Lente Gravitacional Solar pode mapear anãs brancas e buracos negros

Um novo estudo destaca o potencial da Lente Gravitacional Solar (LGS) para a observação de objetos astronômicos, além de exoplanetas. A pesquisa, conduzida pelo Dr. Slava Turyshev, sugere que a LGS pode ser utilizada para mapear anãs brancas e buracos negros com uma resolução sem precedentes.
Funcionamento da Lente Gravitacional Solar
A Lente Gravitacional Solar opera com base na teoria da relatividade geral, onde a massa do Sol curva e magnifica a luz.
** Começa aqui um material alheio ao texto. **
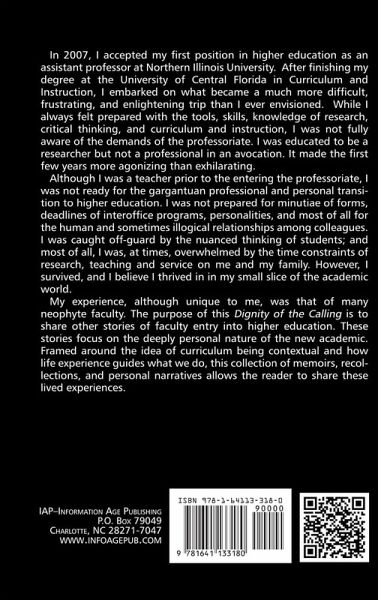 The purpose of this Dignity of the Calling is to share other stories of faculty entry into higher education. These stories focus on the deeply personal nature of the new academic. Framed around the idea of curriculum being contextual and how life experience guides what we do, this collection of memoirs, recollections, and personal narratives allows the reader to share these lived experiences. Although I was a teacher prior to the entering the professoriate, I was not ready for the gargantuan professional and personal transition to higher education. I was not prepared for minutiae of forms, deadlines of inter-office programs, personalities, and most of all for the human and sometimes illogical relationships among colleagues. I was caught off-guard by the nuanced thinking of students; and most of all, I was, at times, overwhelmed by the time constraints of research, teaching and service on me and my family. However, I survived, and I believe I thrived in in my small slice of the academic world.
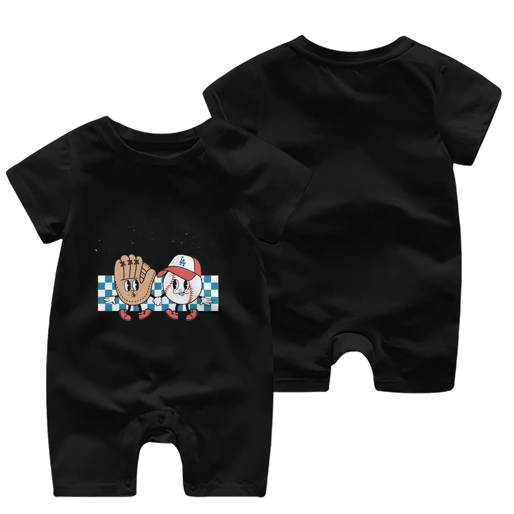 Game Day Los Angeles Dodgers Baseball - Baby Short Sleeve Onesie – 100% Cotton Soft & Breathable Digital Print Romper – Double-Sided Print, Snap Closure For Easy Diaper Changes – Comfortable For Boys & Girls

Um satélite posicionado a aproximadamente 550 unidades astronômicas (UA) do Sol poderia explorar esse efeito, funcionando como uma lente que permite a reconstrução de imagens de alta resolução de objetos distantes.
Potencial de Mapeamento de Anãs Brancas
O estudo aponta que a LGS poderia mapear a superfície de anãs brancas a até 10 parsecs de distância, alcançando uma resolução de nanoarcsegundos. Isso permitiria a visualização de características como diferenciais de temperatura e detritos rochosos em torno dessas estrelas, que atualmente só podem ser observadas em escalas muito menores.
Aplicações na Observação de Buracos Negros
Além das anãs brancas, a LGS pode ser aplicada na observação de buracos negros supermassivos, como o M87*, cuja imagem foi capturada pelo Event Horizon Telescope. A pesquisa sugere que a LGS poderia melhorar a resolução da imagem original, passando de dezenas de microarcsegundos para 0,66 microarcsegundos por pixel, permitindo uma análise mais detalhada.
Desafios Técnicos e Futuro da Missão
Apesar do potencial, a implementação da LGS enfrenta desafios significativos. A necessidade de um sistema de propulsão avançado é crucial, pois a nave precisaria se mover ao longo de uma linha focal para capturar imagens precisas. Mudanças de ângulo exigiriam deslocamentos que podem levar anos, o que limita a viabilidade da missão no curto prazo.
O estudo de Turyshev, disponível em Ultra-High-Resolution Astronomy with the Solar Gravitational Lens, contribui para a discussão sobre o futuro da astronomia de alta resolução, apontando a LGS como uma ferramenta promissora para a exploração do cosmos.